Flindersia is a genus of 17 species of small to large trees in the family Rutaceae. They have simple or pinnate leaves, flowers arranged in panicles at or near the ends of branchlets and fruit that is a woody capsule containing winged seeds. They grow naturally in Australia, the Moluccas, New Guinea and New Caledonia.


Trees in the genus Flindersia have simple or pinnate leaves with up to sixteen leaflets, the side leaflets arranged in opposite pairs. The flowers are arranged in panicles at the ends of branchlets or in upper leaf axils and have five sepals and five petals. The flowers are bisexual, or sometimes only have stamens. There are five stamens opposite the sepals, alternating with five staminodes. The ovary has five locules and is more or less spherical with five shallow lobes and there are between four and six ovules in each locule. The fruit is a woody capsule splitting into five and contains brown, winged seeds.[2][3]

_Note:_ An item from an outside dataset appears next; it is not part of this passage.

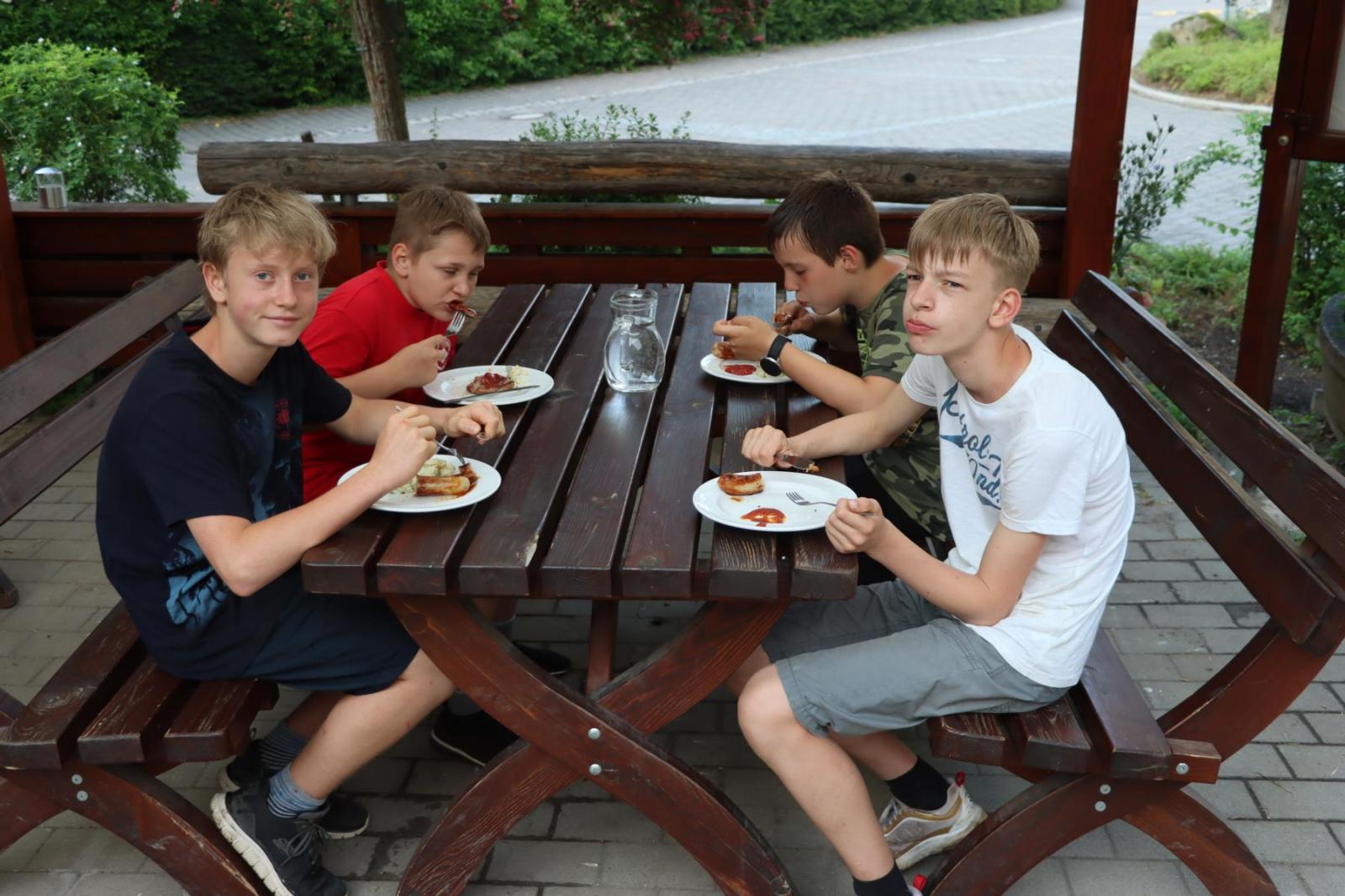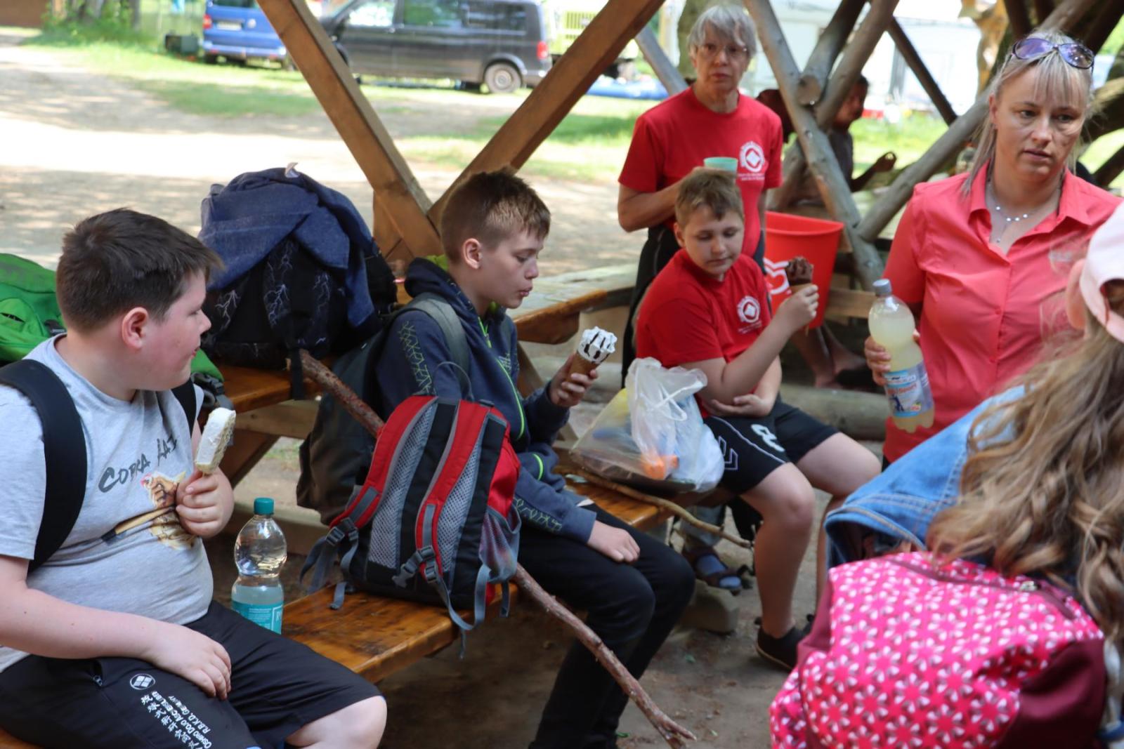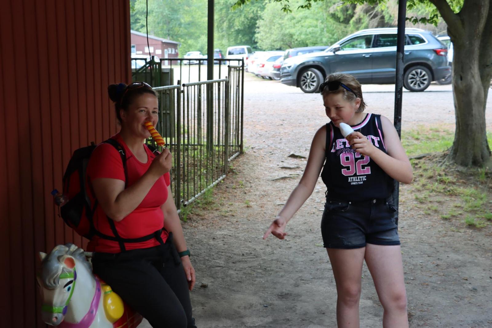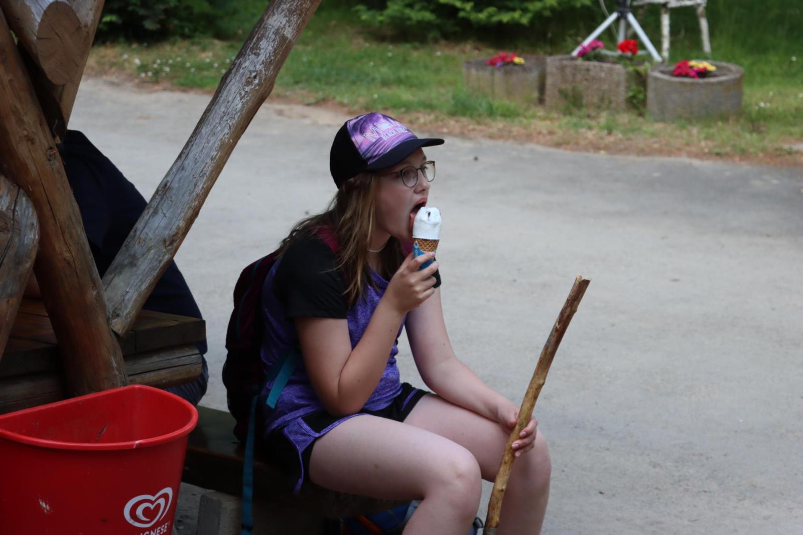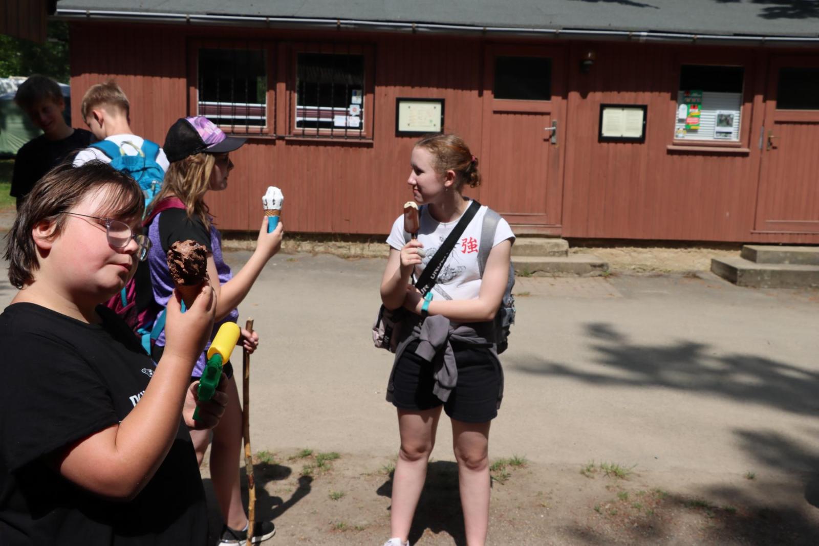 Nach einer ausgiebigen Pause und vielen fröhlichen Momenten beschlossen wir uns für den Rückweg zu stärken. Und was könnte besser sein, um neue Energie zu tanken, als ein leckeres Eis? Gestärkt und voller Energie machten wir uns auf den Rückweg auf der uns wie schon auf dem Hinweg die Sonne begleitete und ihre warmen Strahlen auf uns herabschickte. Doch das Glück sollte nicht von Dauer sein, denn kurz vor unserer Ankunft begann es plötzlich heftig zu regnen. Aber auch das konnte unsere gute Laune nicht trüben.

The genus Flindersia was first formally described in 1814 by Robert Brown in Matthew Flinders' sea voyage journal A Voyage to Terra Australis.[4] Brown named the type species, Flindersia australis in the same journal from specimens collected near Broad Sound in September 1802.[5]

Species list[edit]

The following is a list of species accepted by the Australian Plant Census,[6] or The Plant List*[7] for species outside Australia:

Distribution and habitat[edit]

Many species of Flindersia grow in rainforest. Of the seventeen species, fifteen occur in Australia, twelve of which are endemic.[2]


Some species yield timbers that are widely used for flooring and cabinet work.[2]



  1. ^ a b "Flindersia". Australian Plant Census. Retrieved 14 July 2020.
  2. ^ a b c Porteners, Marianne F. "Genus Flindersia". Royal Botanic Garden Sydney. Retrieved 15 July 2020.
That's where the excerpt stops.